SCOTTSBLUFF – The Scottsbluff Payless ShoeSource store is among the 2,300 affected as corporate headquarters announced the closure of all its stores in the U.S. and Puerto Rico.
The Payless closure is part of a bankruptcy proceeding that will be filed later this month. It’s the second filing for Payless, which first filed for bankruptcy in April 2017, closing more than 500 “underperforming” locations in both the U.S. and Puerto Rico.
According to bankruptcy court records, Payless exited bankruptcy 18 months ago when a group of creditors took over ownership. It left Payless with about $400 million in loans, after slashing its debt from more than $800 million.

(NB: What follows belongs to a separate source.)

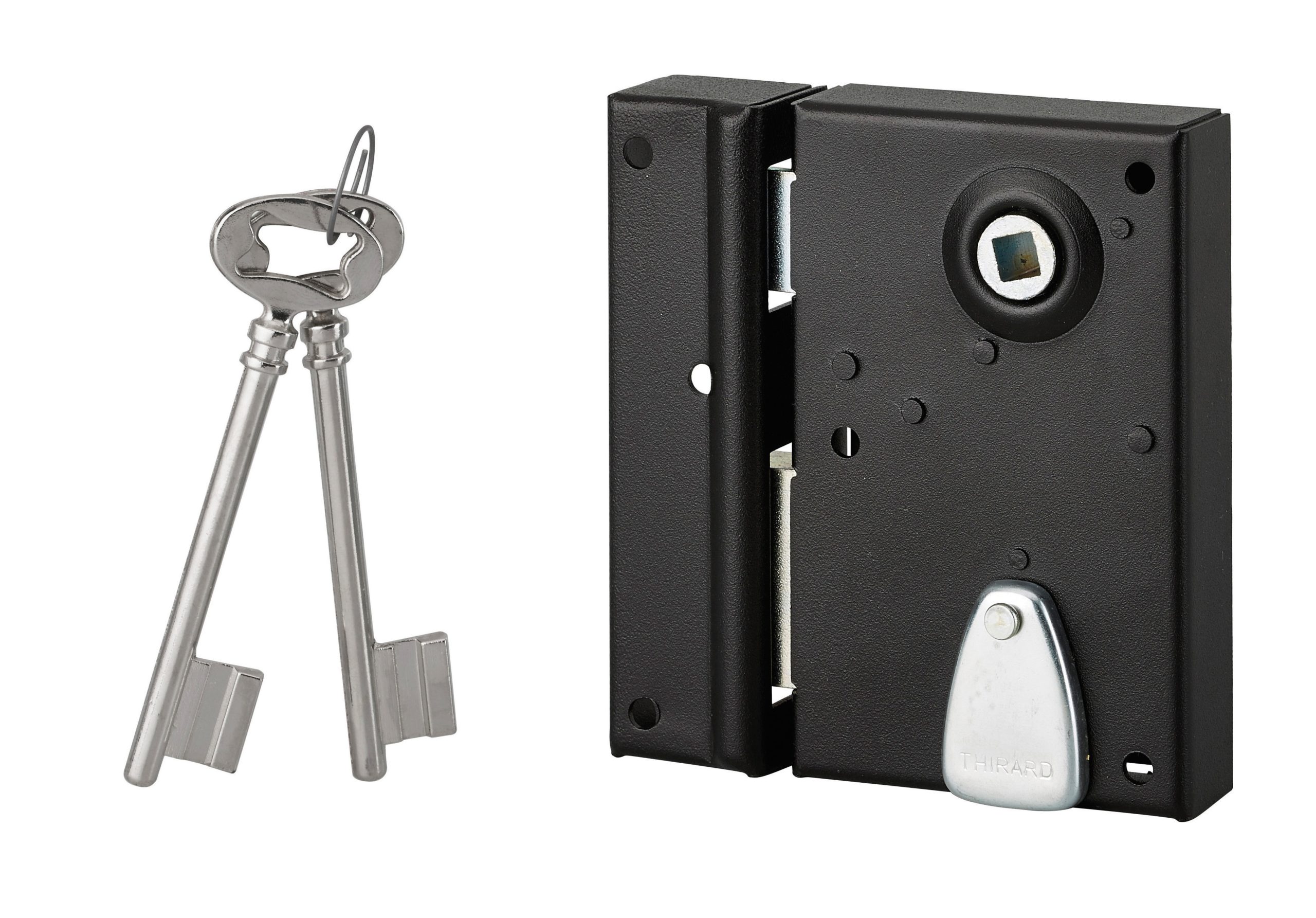 描述: 鋼拱形外殼和鋼扣板. 鋼門栓. 鋼門舌. 35毫米鋼襯套. 單檔轉動. 可逆轉門舌, 用於外開門. 7毫米梗孔. 2條鍍鎳匙. (托盤包裝附帶 1 條鍍鋅鎖匙). 6 不同鑰匙配置. 鋼鑰匙孔和梗座. 表面處理: 環氧黑色花崗岩 版本: 扣板可供大閘用. 左側或右側開啟. 用途:

According to a Payless spokesperson on Friday, the company will begin liquidation sales at its U.S. and Puerto Rico locations on Sunday, Feb. 17, as it winds down its e-commerce operations.

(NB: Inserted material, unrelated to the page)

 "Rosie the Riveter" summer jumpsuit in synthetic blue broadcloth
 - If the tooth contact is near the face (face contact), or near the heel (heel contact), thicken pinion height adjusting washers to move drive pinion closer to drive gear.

“We expect all stores to remain open until at least the end of March and the majority will remain open until May,” the release continued. “This process does not affect the company’s franchise operations or Latin America stores, which remain open for business as usual.”
The news agency Reuters called Payless another “high-profile” victim in a string of recent bankruptcies among brick-and-mortar stores as more people continue to shop online.
Other major closures have included Sears-K Mart and Bon Ton Stores, which operated the Herberger’s store at the Monument Mall in Scottsbluff.
Payless was founded in 1956 in Topeka, Kansas. The corporation had about 18,000 employees globally when it declared bankruptcy.
Locally, the Scottsbluff Payless store has a notice in the window announcing “We’re Hiring.”